--- Description of the task ---
What you write must be the listing below in full, word for word, minus its pictures.

--- Information shown ---
━━━━
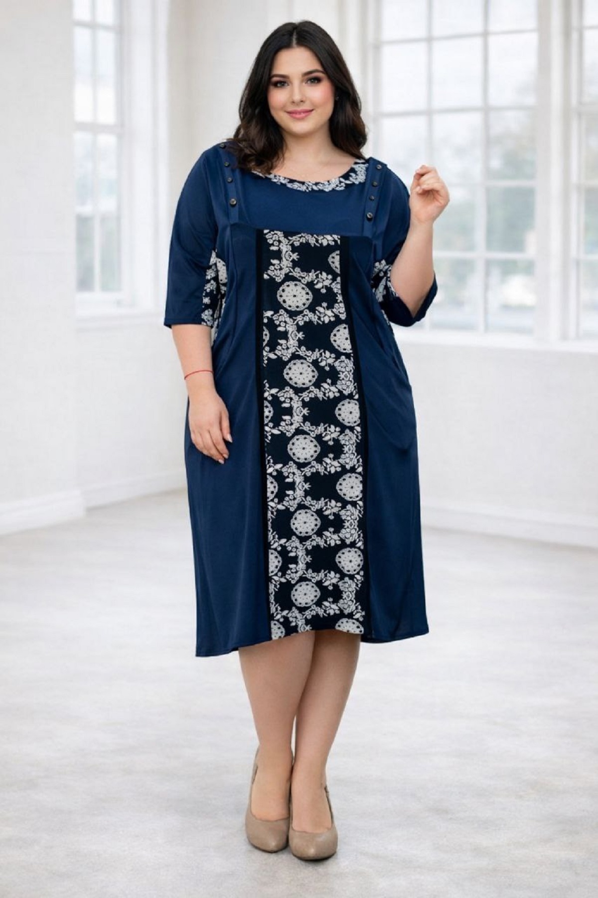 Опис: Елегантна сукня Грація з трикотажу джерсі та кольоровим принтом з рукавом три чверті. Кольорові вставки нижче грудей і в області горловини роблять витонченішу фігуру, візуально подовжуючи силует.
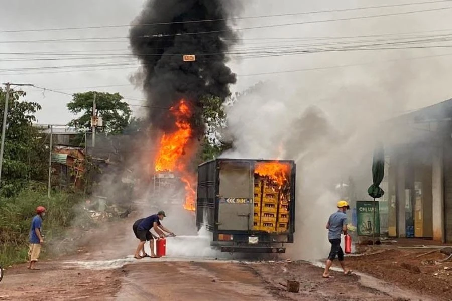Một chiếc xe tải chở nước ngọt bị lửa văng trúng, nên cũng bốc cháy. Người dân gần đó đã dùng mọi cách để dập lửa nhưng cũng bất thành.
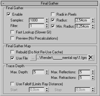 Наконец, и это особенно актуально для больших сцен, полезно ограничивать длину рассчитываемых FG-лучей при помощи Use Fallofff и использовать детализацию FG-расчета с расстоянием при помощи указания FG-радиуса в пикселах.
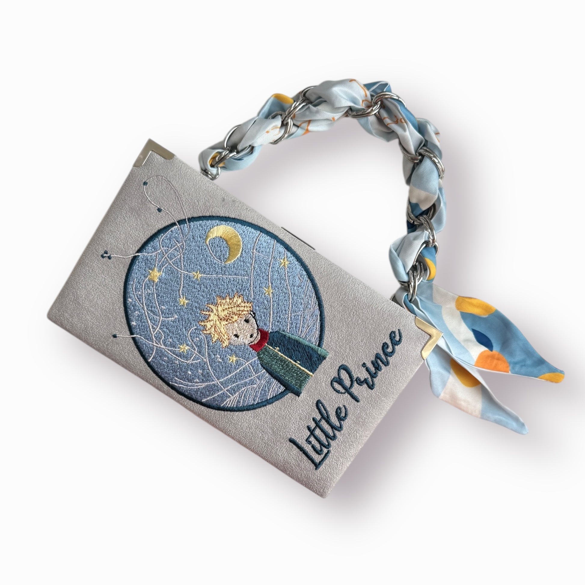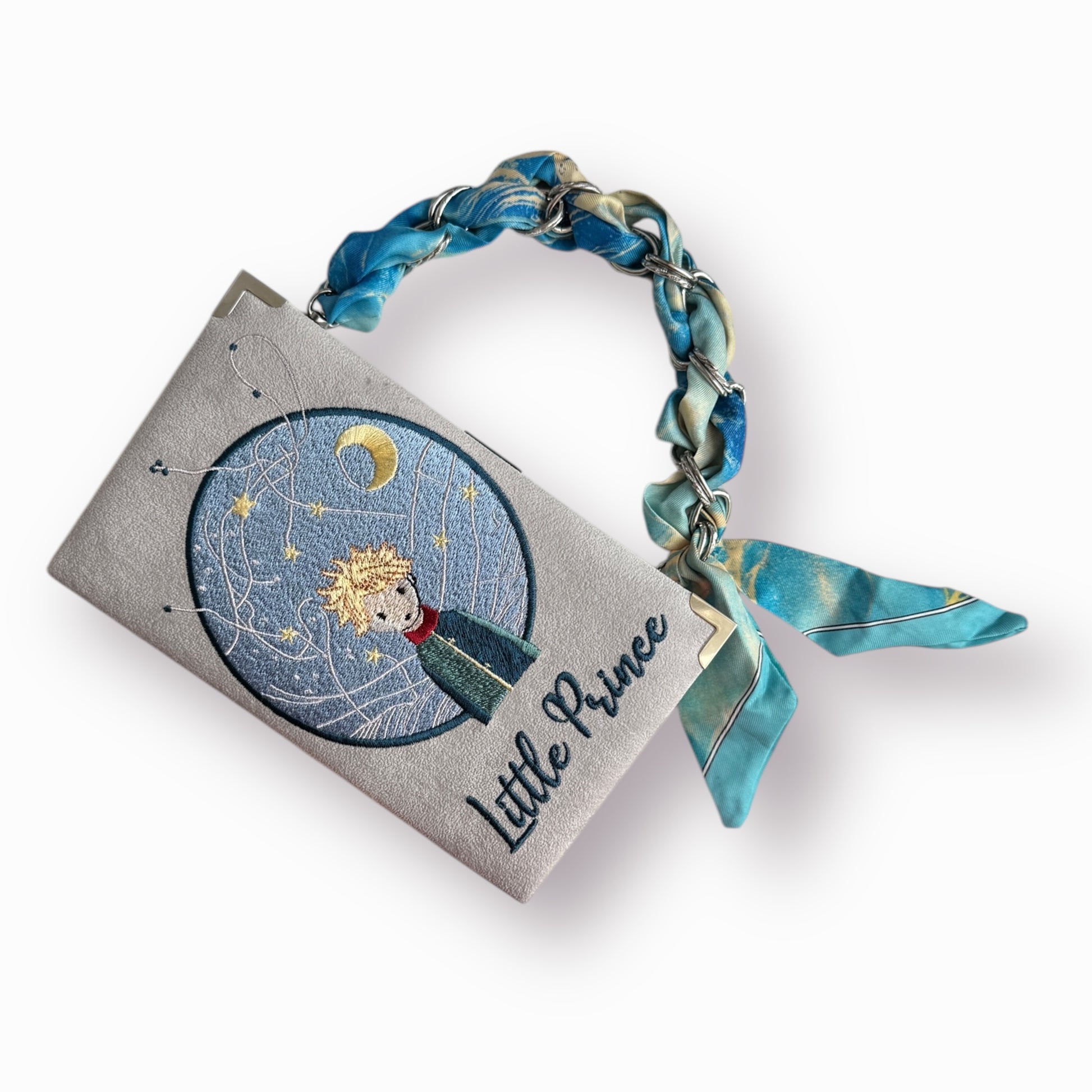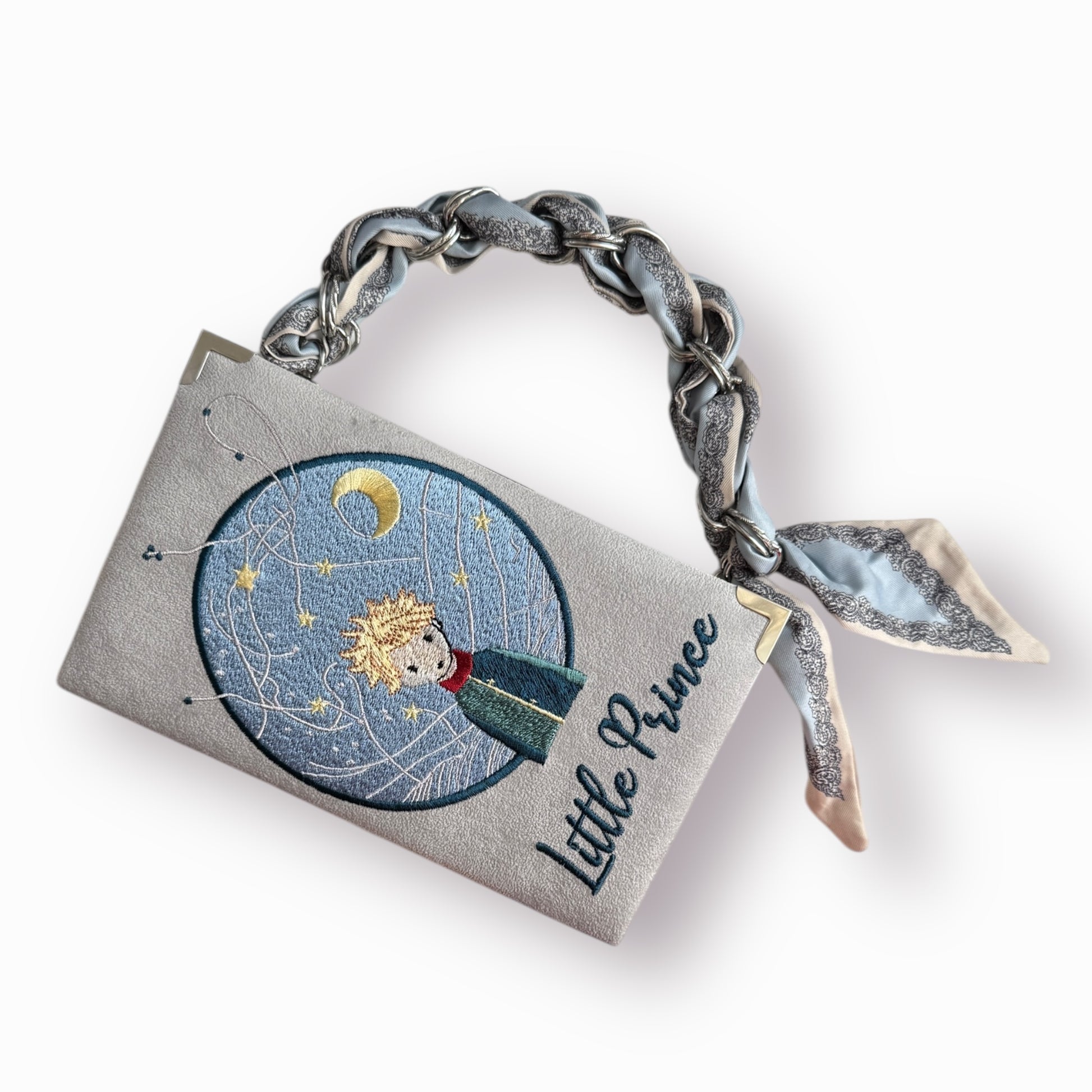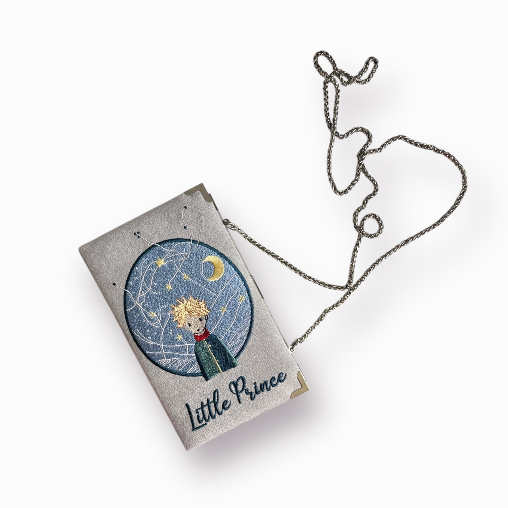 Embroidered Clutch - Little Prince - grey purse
━━━━
--- Exercise answer ---
 Опис: Елегантна сукня Грація з трикотажу джерсі та кольоровим принтом з рукавом три чверті. Кольорові вставки нижче грудей і в області горловини роблять витонченішу фігуру, візуально подовжуючи силует.
Một chiếc xe tải chở nước ngọt bị lửa văng trúng, nên cũng bốc cháy. Người dân gần đó đã dùng mọi cách để dập lửa nhưng cũng bất thành.
 Наконец, и это особенно актуально для больших сцен, полезно ограничивать длину рассчитываемых FG-лучей при помощи Use Fallofff и использовать детализацию FG-расчета с расстоянием при помощи указания FG-радиуса в пикселах.
 Embroidered Clutch - Little Prince - grey purse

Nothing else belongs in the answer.